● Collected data
-*-*-

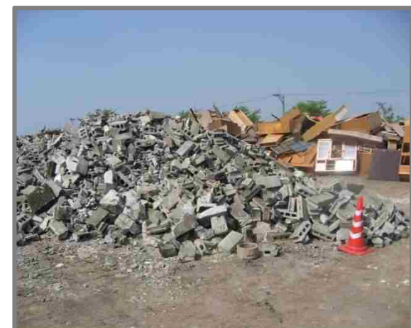
仮置状況(コンクリートブロック)
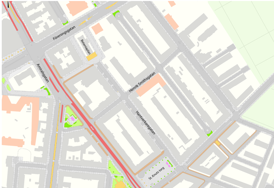
Figur 1. Översikt Hantverkaregatan med närområde.

Baserat på dialogarbetet som genomfördes med både verksamheter och boende under våren 2023 så pekades Hantverkaregatan ut som en gata där invånare upplever otrygghet i trafiken. De främsta aspekterna till upplevd otrygghet var hastigheter, trafikflöden samt att motortrafiken inte respekterar de trafikregler som finns. Hastighetsdata från Tomtom visar att 85:e percentilen är 34 km/h. Enligt STRADA, Transportstyrelsens olycksdatabas, har det de senaste tio åren rapporterats in totalt åtta olyckor på den aktuella sträckan. Inga kollisionsolyckor mellan oskyddade trafikanter och motorfordon har rapporterats in. Det har skett två kollisionsolyckor mellan motorfordonstrafik, varav en i korsningen med Henrik Smithsgatan. Resten av olyckorna är singelolyckor.
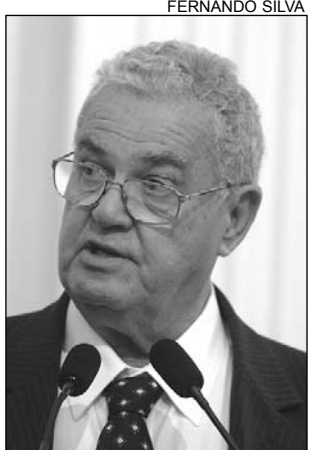
COELHO - Elogios

O pefelista, que participou do evento, registrou o
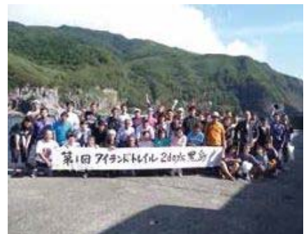
③ アイランドトレイル 2days 黒島
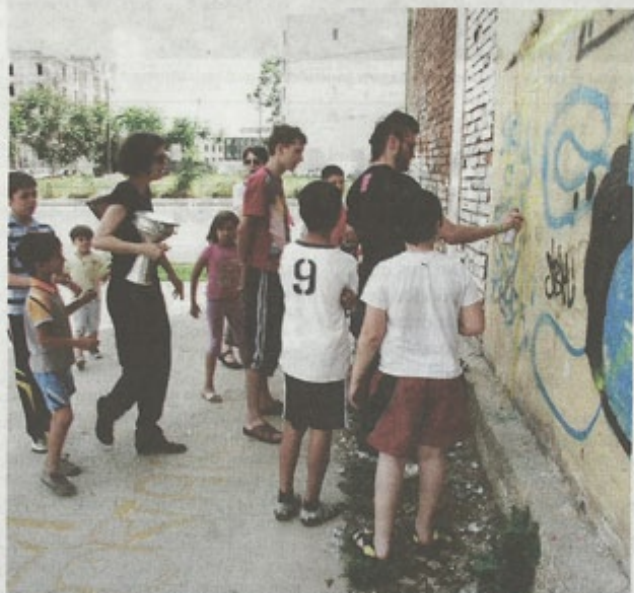
La Bomba bygger demokrati, mening och delaktighet där politiker misslyckats.

GRUPPENS dokumentär Sensitive map följer en invånare vardag, tills hans väg korsar en annans. Då byter berättandet fokus och följer istället den nya huvudpersonen, och så vidare. Ett sätt att visa
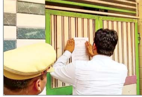
बाहर निकालकर कार्रवाई की गई। जिला अल्पसंख्यक कल्याण अधिकारी की ओर से चर्चा नोटिस के मुताबिक, दोनों मदरसे अवैध हैं और बिना मान्यता के चल रहे थे। मदरसा सोसाइटी का भी रजिस्ट्रेशन उपलब्ध नहीं कराया गया है? इसके अलावा अग्निशमन विभाग और विद्युत सुरक्षा विभाग से भी एनओसी नहीं ली गई है। संचालकों को नोटिस देकर सात दिन में जवाब मांगा गया है। जवाब न दिए
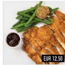
23. Chicken Katsu Knuspriger Hähnchenschenkel ohne Knochen mit Katsu-Sauce, jap. Senf, Bohnen & Reis
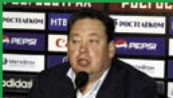
Леонид СЛУЦКИЙ, главный тренер «Крылья Советов»:

- Ужасно раздосадован результатом. Тем, что упустили шанс подняться в турнирной таблице. Создали не слишком много моментов, но все равно были гораздо ближе к успеху, чем соперник.
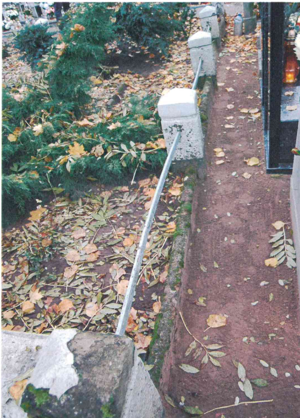
025 POMNIK POWSTAŃCÓW WIELKOPOLSKICH – CMENTARZ PARAFIALNY W LUBASZU WOJ WIELKOPOSKIE – STAN ZACHOWANIA
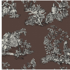
ZELIE Taupe 95 Motif d'impression
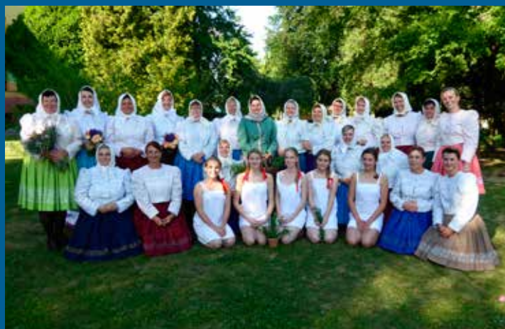
hlavní aktérky Svatojánského čarování
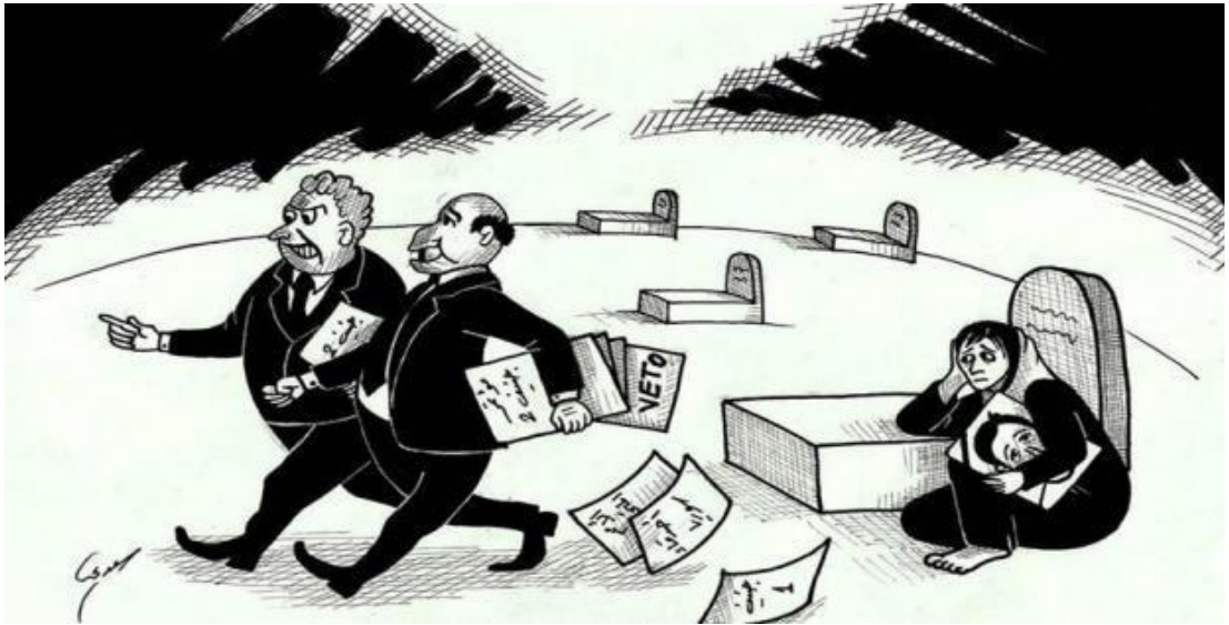
Suriyeli karikaturist: Husam al-Saadi
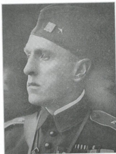
Podplukovník Josef Šnejdárek, velitel vojenského zásahu na Těšínsku

D ne 16. ledna 1919 se k ministru národní obrany československé vlády Václavu Klofáčovi dostal podplukovník Josef Šnejdárek (1875–1945). Tvrdý voják, bývalý příslušník francouzské cizinecké legie a bojovník srdcem i duší, si vyslechl pověření vojensky obsadit Těšínské Slezsko a vyhnat odtud Poláky. „Toto mé setkání s ministrem [...] bylo podkladem polního tažení, za kterého jsem do desíti dnů zatlačil polského generála Latini, dobyl Těšínska a získal pro republiku uhelné doly miliardové hodnoty,“ popisoval později v pamětech. Vojácky strohá slova v nezavěšeném čtenáři bezpochyby vyvolají pocit hrdosti nad československým vítězstvím. Úspěch v boji je však jedna věc a následky války druhá. Lze tedy skutečně mluvit o vítězství?
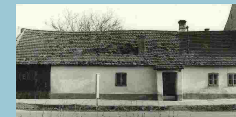
Památka lid. arch.: dům č. 46
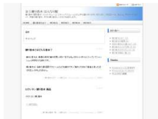
☆彡練り香水 はんなり館
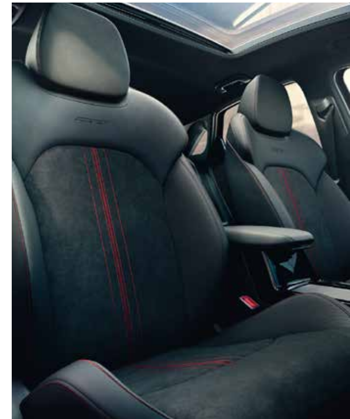
Modèle présenté : Kia ProCeed GT.

-*-*-

● YOUR TASK
Please show the lines in the entries above that hold the string "invånare".

● WRITTEN SOLUTION
Baserat på dialogarbetet som genomfördes med både verksamheter och boende under våren 2023 så pekades Hantverkaregatan ut som en gata där invånare upplever otrygghet i trafiken. De främsta aspekterna till upplevd otrygghet var hastigheter, trafikflöden samt att motortrafiken inte respekterar de trafikregler som finns. Hastighetsdata från Tomtom visar att 85:e percentilen är 34 km/h. Enligt STRADA, Transportstyrelsens olycksdatabas, har det de senaste tio åren rapporterats in totalt åtta olyckor på den aktuella sträckan. Inga kollisionsolyckor mellan oskyddade trafikanter och motorfordon har rapporterats in. Det har skett två kollisionsolyckor mellan motorfordonstrafik, varav en i korsningen med Henrik Smithsgatan. Resten av olyckorna är singelolyckor.
GRUPPENS dokumentär Sensitive map följer en invånare vardag, tills hans väg korsar en annans. Då byter berättandet fokus och följer istället den nya huvudpersonen, och så vidare. Ett sätt att visa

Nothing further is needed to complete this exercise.